- Episode no.: Series 5 Episode 3
- Directed by: Philippa Langdale
- Written by: Georgia Lester
- Original air date: 10 February 2011

Guest appearances
- Joann Condon as Ginny; Kelly Brook as Jemima; Clare Grogan as Shelley; Chris Addison as David Blood;

Episode chronology
| ← Previous "Rich" | Next → "Liv" |
- Skins (series 5)

= Mini (Skins series 5) =

"Mini" is the third episode of the fifth series of the British teen drama Skins. It first aired in the UK on E4 on 10 February 2011. It focuses on the character Mini McGuinness (Freya Mavor) as she tries to put on a charity fashion show and maintain her relationship with her boyfriend, Nick Levan (Sean Teale).

==Synopsis==

The episode begins as Mini, weight-conscious as ever, goes to the gym, before heading to her boyfriend, Nick Levan's rugby practice. After the practice, she holds a meeting with a school committee, to discuss an upcoming charity fashion show. To her outrage, her friend, Grace has enlisted Franky as costume designer. Out of pure pride, she decides to completely rearrange it, and asks for the help of Nick. Nick reveals that he has his house to himself for a while, and they can have sex for the first time in their 3-month relationship. Mini becomes noticeably hesitant when approaching this topic, as she has not admitted that she is still a virgin to Nick. She is also afraid of having sex, due to the warnings of her single mother, Shelley, that a boy often wants a woman for just that, as happened to her.
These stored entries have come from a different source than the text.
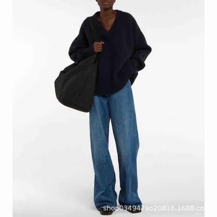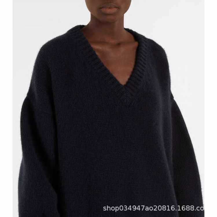| nameOriginal | Row pullover v-neck sweater women's slimming outer wear 2023 early spring simple wool soft glutinous loose dark blue top |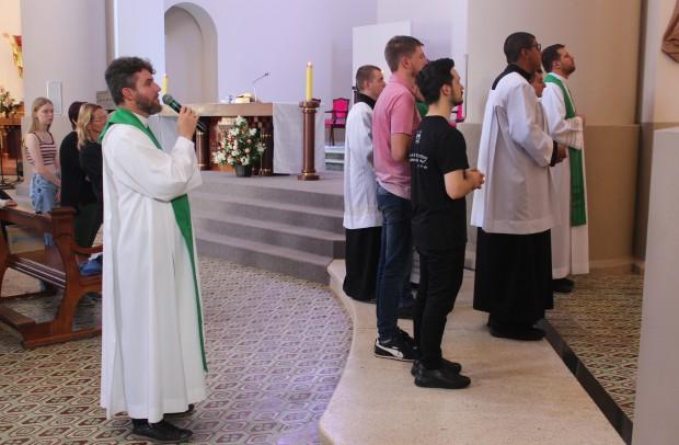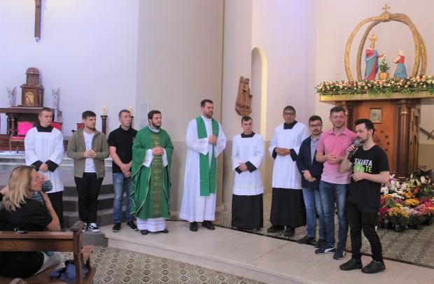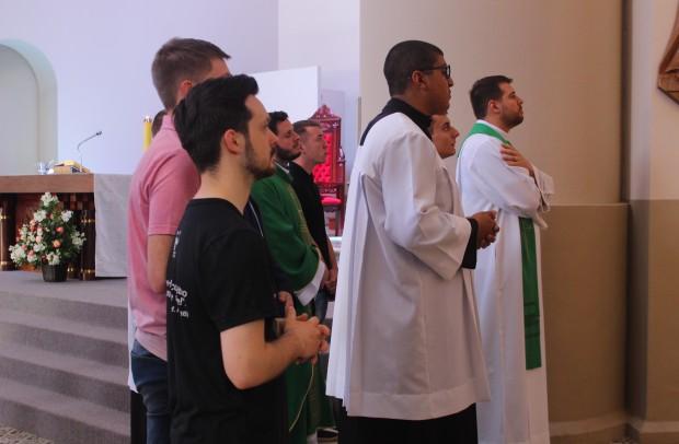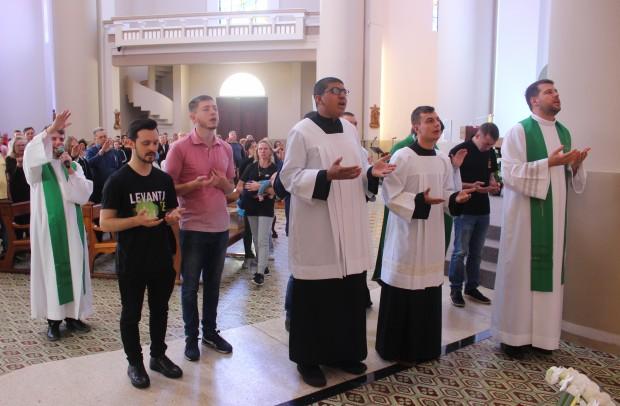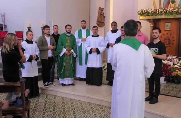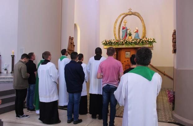 A primeira ação do dia foi a Missa, no altar do Santuário Diocesano de Nossa Senhora de Caravaggio, em Farroupilha. A celebração foi presidida pelo formador do Curso Propedêutico, padre Gustavo Predebon, e concelebrada pelo reitor do Seminário São José, padre Marciano Guerra, e pelo padre Jocimar Romio, da equipe sacerdotal do Santuário. Ao final da Eucaristia, a comunidade pôde conhecer os seminaristas e rezar pelas vocações. O reitor do Santuário, padre Ricardo Fontana, acolheu os seminaristas e suas famílias.
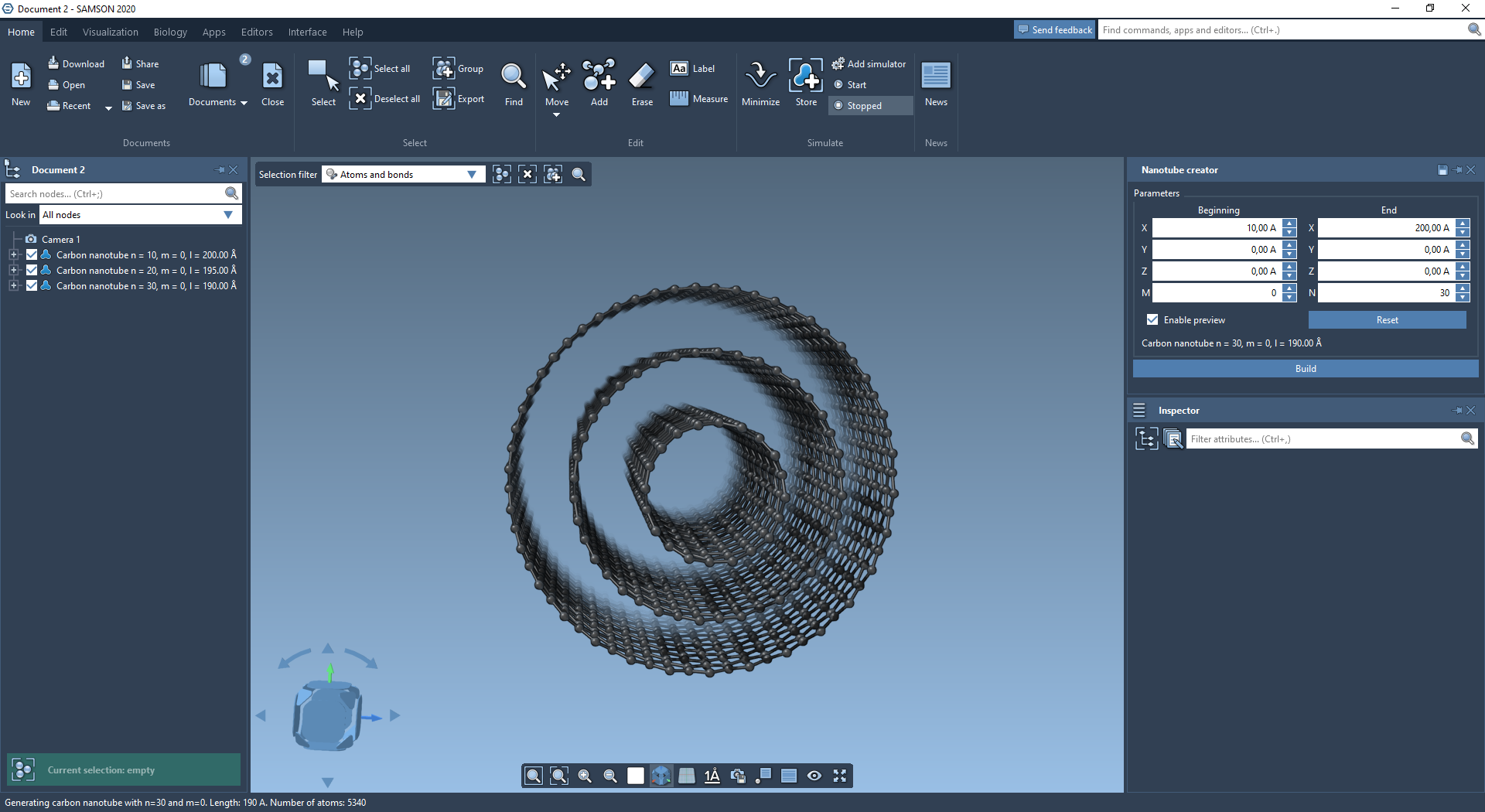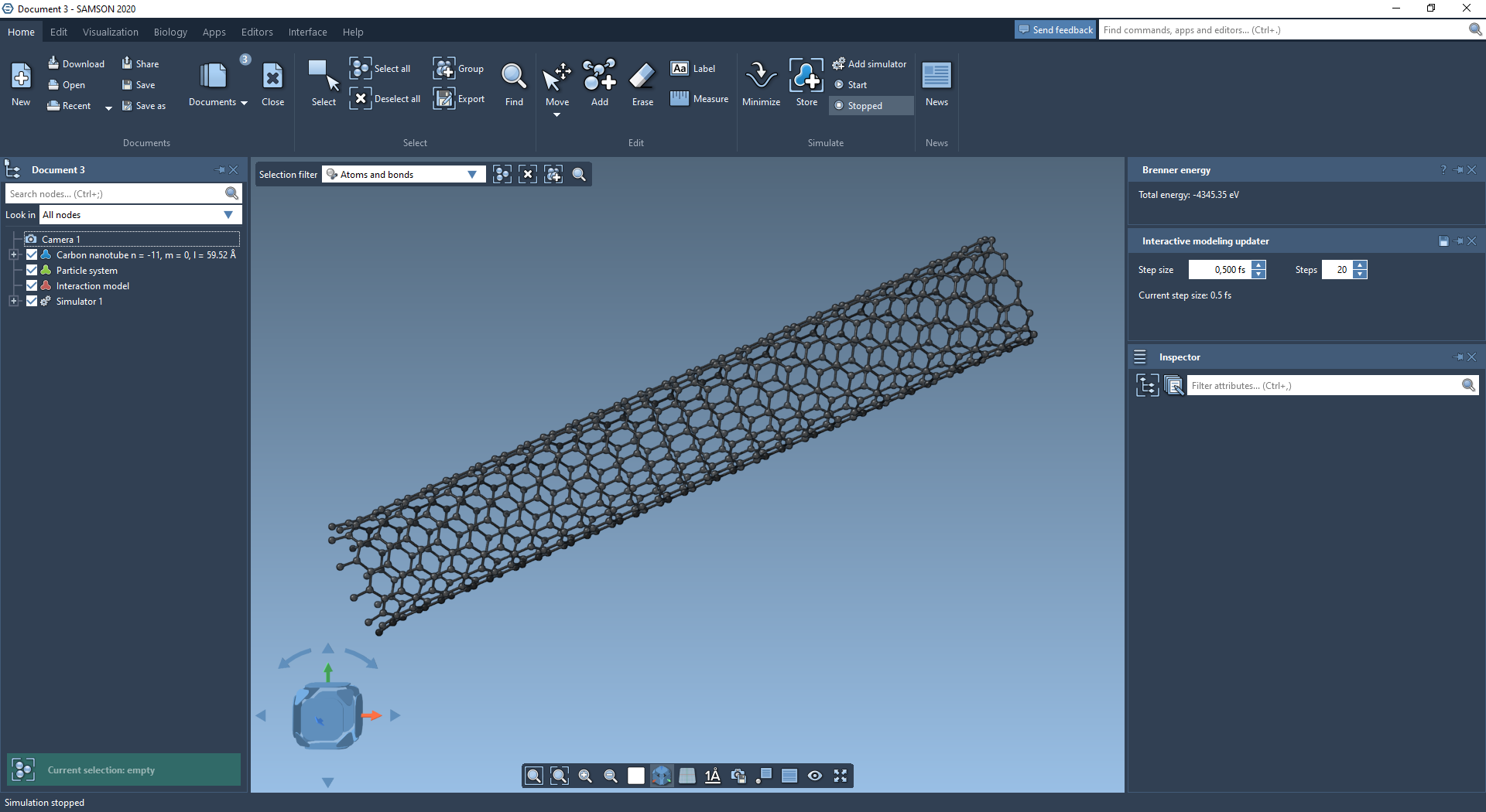 You may then use the Brenner Interaction model to interactively simulate generated nanotubes.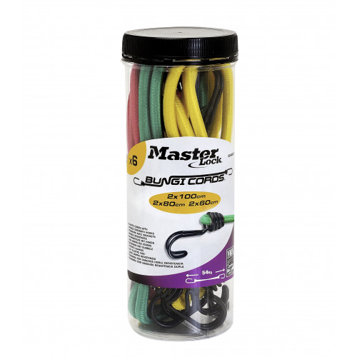 De MasterLock Twin Wire set beschikt over een assortiment van 6 elastische koorden met metalen haken voor extra stevigheid. Het omgekeerd haakontwerp biedt meer ruimte voor bevestiging. De haken zijn afgerond om krassen te voorkomen. De set wordt geleverd met een plastic pot voor gemakkelijk opbergen, organiseren en vervoeren.

As they make preparations, Mini makes many more attempts to put off having sex with Nick, though she realises that she cannot put it off for much longer, because Nick is unlikely to want to wait. Eventually, she and Liv double-date with Nick and his friend, Rider, at a bowling alley. Mini tries to steal the keys to Nick's house, but Rider suggests they go to his. There, he and Liv hook up and start to have sex. Mini, realising that Nick will want to do the same, first goes to the bathroom and takes some medicine, resulting in her throwing up on Nick before they can get too far. Nick and Liv take Mini home and sleep on her floor. The next morning, however, she wakes up and, upon seeing them together, immediately suspects the worst - that Liv secretly wants Nick. At school, Mini is mocked by Franky's group, and believes Liv spread the story. She attempts to call both Nick and Liv to help her with the fashion show, but finds Nick's phone in the changing room, discovering 3 missed calls from Liv earlier. Locating Liv and Nick at the amphitheatre, practising their dance, and Liv wearing Mini's dress, she immediately confronts them about their tardiness and demands she gives her her dress back. She is immediately bombarded with questions and complaints from the others, as there are not enough dresses and many are too small, and immediately passes out. She is told to return home to recuperate. Realising that she may be on the verge of losing Nick, Mini prepares to have sex with him, and returns to school to discover he and Liv are doing their dance together, using Franky and Grace's original ideas, to a standing ovation.

At the after-show party at a rave, Mini confronts Liv again, and storms off, as Grace and Rich share a brief kiss. Nick then goes to Liv and suggests he break up with Mini. The two then leave the room. As she sobs outside, Mini is approached by Franky, who explains to her the reason why she was friends with Liv and Grace, and the two reconcile. She entices her to return to the rave. There, they spot Liv and Nick leaving another room, dressing themselves, and realise they have been having sex. Mini immediately tells Franky to forget she saw this, and Franky spots Matty in the crowd. Mini then entices Nick to take her home. He agrees, and they return to Nick's place. Mini finally loses her virginity, but wakes up the next morning alone (as Nick has gone to practice.) Sadly, she returns home and sees her Mum, who is also going home after a one-night stand.